Es, hasta cierto punto, lógico.
Por motivos que exceden al autor de este editorial, y que van del impacto de la
globalización a la velocidad acelerada de los flujos financieros, de las características
del nuevo orden económico internacional a la hiperconectividad que habilitan
las nuevas tecnologías, gobernar es cada vez menos aplicar un programa
determinado y cada vez más enfrentar circunstancias cambiantes en un entorno en
permanente mutación.
En este marco, el único límite es
el que impone la ciudadanía y, cada vez más, los tribunales, constituidos en un
nuevo actor político: si por un lado es cierto, como escribió O’ Donnell, que
los presidentes suelen recurrir a diversas estrategias para atenuar el control
de la justicia, por otro es verdad que los jueces han ampliado su esfera de
influencia hasta abarcar cuestiones que en el pasado hubieran quedado
totalmente fuera de su radar: por citar un ejemplo no kirchnerista, Macri tuvo
que desactivar varios recursos de amparo para poder aplicar una decisión tan
banal como el cambio de mano de la Avenida Pueyrredón.
GOBIERNO
Este contexto, común a buena
parte de las democracias contemporáneas, se conjuga, en la Argentina de hoy,
con la situación de normalidad política y económica que, todo así lo indica,
marcará el inicio del nuevo gobierno. En efecto, a diferencia de los comienzos
del alfonsinismo, el menemismo y el kirchnerismo, el próximo presidente no
asumirá en medio de un vacío pro-refundacionista sino en un escenario económico
que, por más problemas que arrastre, necesariamente implicará continuidades: la
posibilidad de desatar los nudos de inflación, dólar y crecimiento con cierta
calma.
Esto quizás explique la asombrosa
similitud entre Scioli, Massa y Macri, los tres candidatos con más chances de
llegar a la Presidencia. Pertenecientes a una misma generación política, la
distancia que los separa es más corta que la de cualquier otra elección desde
la recuperación democrática (pensemos si no en Alfonsín-Lúder, Menem-Angeloz,
De la Rúa-Duhalde, Menem-Kirchner). Como ocurre en las democracias
desarrolladas, que son democracias de la normalidad y no de la emergencia, las
opciones tienden a converger. De este centro difuso, cuyo signo de los tiempos
es el set de ShowMatch, surgirá el nuevo presidente. Un líder que, liberado de
un mandato fuerte, deberá improvisar sobre la marcha, como los conductores de
televisión que van reinventando su programa de acuerdo al ánimo del
dios-rating.
Pero que asuma con un margen
amplio no significa que pueda dormir del todo tranquilo porque en el fondo sabe
que una sociedad vigilante lo observará de cerca: el más mínimo ruido puede
hacer que se despierte y camine hasta la cocina, donde esperan las cacerolas.

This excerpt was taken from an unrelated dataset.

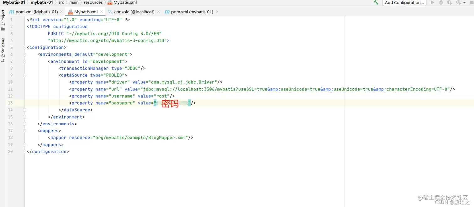 第六步:在resources中创建mybatis.xml文件,配置

1. “Delegative Democracy”, Journal of Democracy, Vol.
5, Nº 1, enero de 1994.
2. El mismo
O’Donnell lo recuperó más tarde para aplicarlo a las gestiones de Álvaro Uribe,
Hugo Chávez y los Kirchner, en las que veía algunas similitudes con el modelo
original. Disponible en www.clubpoliticoargentino.org
3. Isidoro
Cheresky, El nuevo rostro de la democracia, Fondo de Cultura Económica, 2015.